On the Feasibility of Wireless Energy Transfer Using Intelligent Reflecting Surface in Next Generation IoT Networks.
Wireless energy transfer (WET) is a promising energy harvesting technology in which the sensor node harvests energy from electromagnetic radiations instead of traditional wired energy sources. However, there are several design challenges that must be addressed in order to implement WET efficiently. Firstly, only a very small fraction of the energy radiated by the source can actually be harvested by the sensor node due to severe path loss. Secondly, the receive power levels that are suitable for reliable data transfer and decoding in conventional wireless communication may not be sufficient for activating the harvester in these sensors. Thirdly, design of WET systems must ensure that the sensors harvest more than what they consume in tasks related to uplink channel estimation, sensing, computation and communication. In order to tackle these challenges mentioned above, intelligent reflecting surface (IRS), which comprises of an array of low cost reflecting elements that are passive in nature and do not require dedicated radio-frequency (RF) chains can be used. Each of these elements in an IRS is capable of inducing changes in amplitude and phase of the incident electromagnetic signal. And by appropriately programming these reflecting elements, constructive interference-aided boost in the strength of the received signal can be obtained. This talk will elucidate feasibility of WET using IRS. Specifically, we will focus on a wireless scenario where the source is equipped with multiple antennas but a single RF chain (to reduce cost, power consumption and hardware complexity) and is assisted by an IRS to transfer energy wirelessly to a sensor node. For this model, we will first discuss a near-optimal antenna selection and passive beamforming strategy that requires fewer pilot transmissions to obtain channel state information (CSI), thus increasing the time available for WET in a coherence interval. We will then discuss the outage analysis with both perfect and imperfect CSI to obtain insights into WET system design. Extensions to performance of WET under subset AS, discrete phase shifts at IRS, multi-user scenario and spatial correlation will also be presented.
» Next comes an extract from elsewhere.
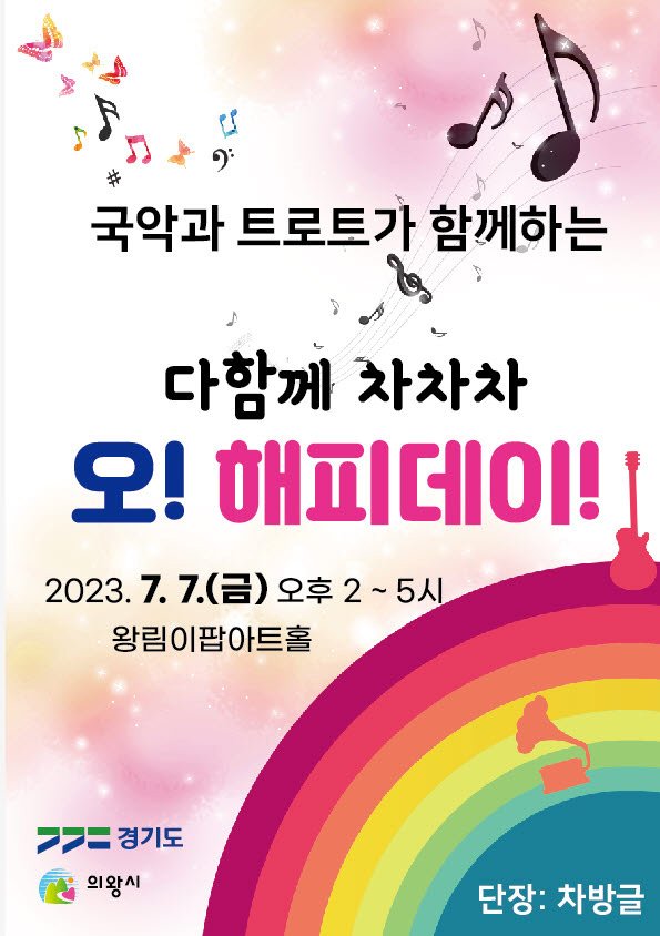 7월 15일 의왕시는 왕림이팝아트홀에서 국악과 트로트가 함께하는 ‘오! 해피데이!’공연을 진행한다고 전했다.

We will present results to illustrate that we can trade-off active RF chains at the source with passive elements at IRS to obtain improved performance both in terms of outage probability and power transfer efficiency.
Salil Kashyap, IIT Guwahati
Salil Kashyap is an Assistant Professor in the Dept. of Electronics and Electrical Eng. at IIT Guwahati. Before joining IIT Guwahati, he was a senior DSP Engineer at Marvell where he designed physical layer algorithms for next generation WLANs (IEEE 802.11ax). Prior to that, he was a post-doctoral researcher at Linköping University, Sweden. He received his PhD from IISc Bangalore, M.Tech from IIT Guwahati and B.Tech from NERIST. His research spans areas of wireless communications, networks and signal processing with emphasis on mathematical modeling, performance analysis and algorithm design for 5G and beyond 5G cellular communication systems.